— А как же я?..
— Дитё ты дитё,— старик принялся скручивать «козью ножку».— В казаки-разбойники поиграть захотелось? То, что добровольцем хочешь,— добро. Стало быть, не такая уж ты треска вяленая, как я мыслил. Однако с кондачка в пекло лезть негоже. Воевать уметь надо. А то ведь, знаешь, парень, на войне ненароком и черепок потерять можно. Как сейчас помню, служил со мной в эскадроне парнишечка...
Ермилыч рассказывал про парнишку, но я плохо его слушал. В голове гвоздем засели слова: «Пока возьмут, герману сто раз крышка будет». Старик сердито пробурчал:
— Однако ты, парень, неслух. Сказал же тебе: иди матери помоги. Бумажки на окна клеить. Отец то на работу ушел. Одна мать мается. А к вечерку, как жарынь спадет, щель в саду миром рыть начнем — укрытие от бомб. Приказ вышел. Много нынче приказов разных - которые для пользы, а есть и просто так...
Я клеил на стекла бумажные ленты, а мама все вздыхала:
И зачем надо окна уродовать? Возни-то потом сколько! Все в клейстере. На неделю возни.
Тут ко мне прибежали, наконец, Глеб и Вилька: в глазах восторг, улыбка до ушей. ,
— Война!.. Здорово, а?!
— Опомнились!.. Где вас черти носили? Глеб объяснил:
— Забыл, что ли? У меня сегодня утреннее представление. И потом Вильку на работу устраивал. Порядочек.
— В полчаса все сделалось,— подтвердил Вилька.— Раз, два — и в дамках. Разрешите представиться: Вилен Орлов, будущий...впрочем, насчет будущего... будущее покажет.— Оглянувшись, добавил, понизив голос, чтобы мама не услышала:— Сперва на фокусника учиться предложили — из внимания к моей прежней специальности, но я — наотрез. Хватит с меня фокусов.
— Что про войну слышали?
— Так, краем уха,— Вилька небрежно махнул рукой.— Решили немчики схлопотать по морде...
Глеб перебил:
— Говорят, наши на Варшаву- двинули...
— Заливаешь!.. Вот это да!.. Кто говорит?
— Кто-кто!
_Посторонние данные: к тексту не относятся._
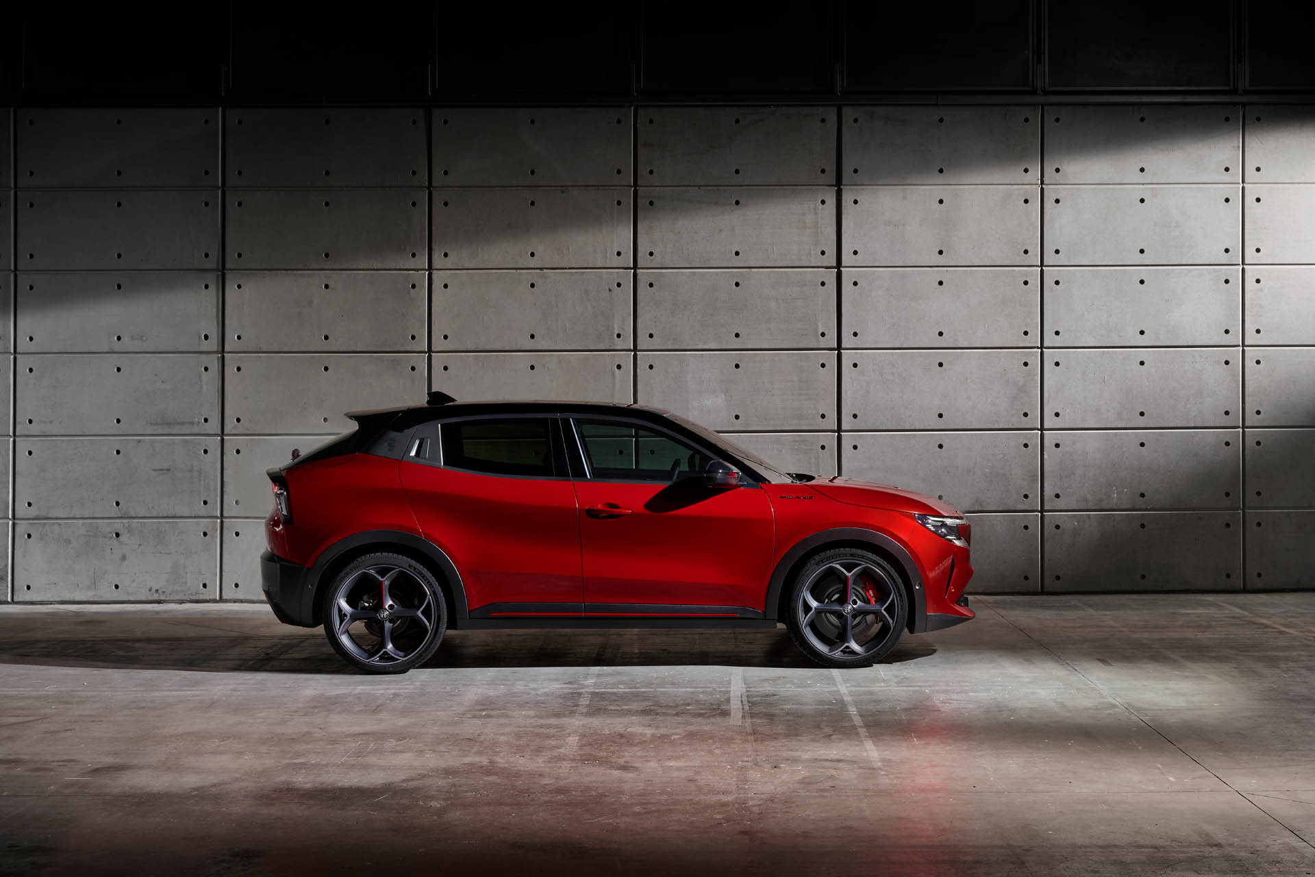 Η Alfa Romeo Milano χρησιμοποιεί την αρθρωτή πλατφόρμα e-CMP2 του Ομίλου και θα προσφέρεται με αμιγώς ηλεκτρικό σύστημα κίνησης και ήπια υβριδικό (με σύστημα 48V) βενζινοκινητήρα. Η Milano είναι ένα από τα μεγαλύτερα αυτοκίνητα που βασίζονται στην e-CMP2, με μήκος 4,17 μέτρα και καταφέρνει να δείχνει ξεχωριστή χάρη στον αιχμηρό σχεδιασμό. Το εμπρός μέρος διαθέτει εξαιρετικά λεπτά φωτιστικά σώματα, με μια μαύρη γρίλια τοποθετημένη χαμηλά και τη μάσκα «ασπίδας» της Alfa Romeo.

Люди говорят.
Тут я им дал такого раза, что они только ахнули.
— Ребята,— сказал я тихонько (чтобы мама не услыхала),— я ухожу на фронт. Добровольцем.
У Глеба и Вильки сделались такие несчастные физии, что даже жалко их стало.
— А как же мы?— Глеб походил сейчас на ребенка, у которого отняли любимую игрушку. Вилька все еще стоял, разинув рот.
— Что — вы? Никому не запрещено записываться в добровольцы. Пошли вместе, а, ребята?!
Глеб задумался. Неужели трусит? Вот это номер! Сомнения на этот счет развеял Вилька. Сказал, виновато улыбаясь:
— Нам, понимаешь ли, Юрка, нельзя. Из московского управления госцирков авизовка пришла: тридцатого быть в Минске... Так-то вот, друг, расстаемся.
Он вздохнул, повертел в руках кепку и вдруг с радостным возгласом подбросил ее к потолку.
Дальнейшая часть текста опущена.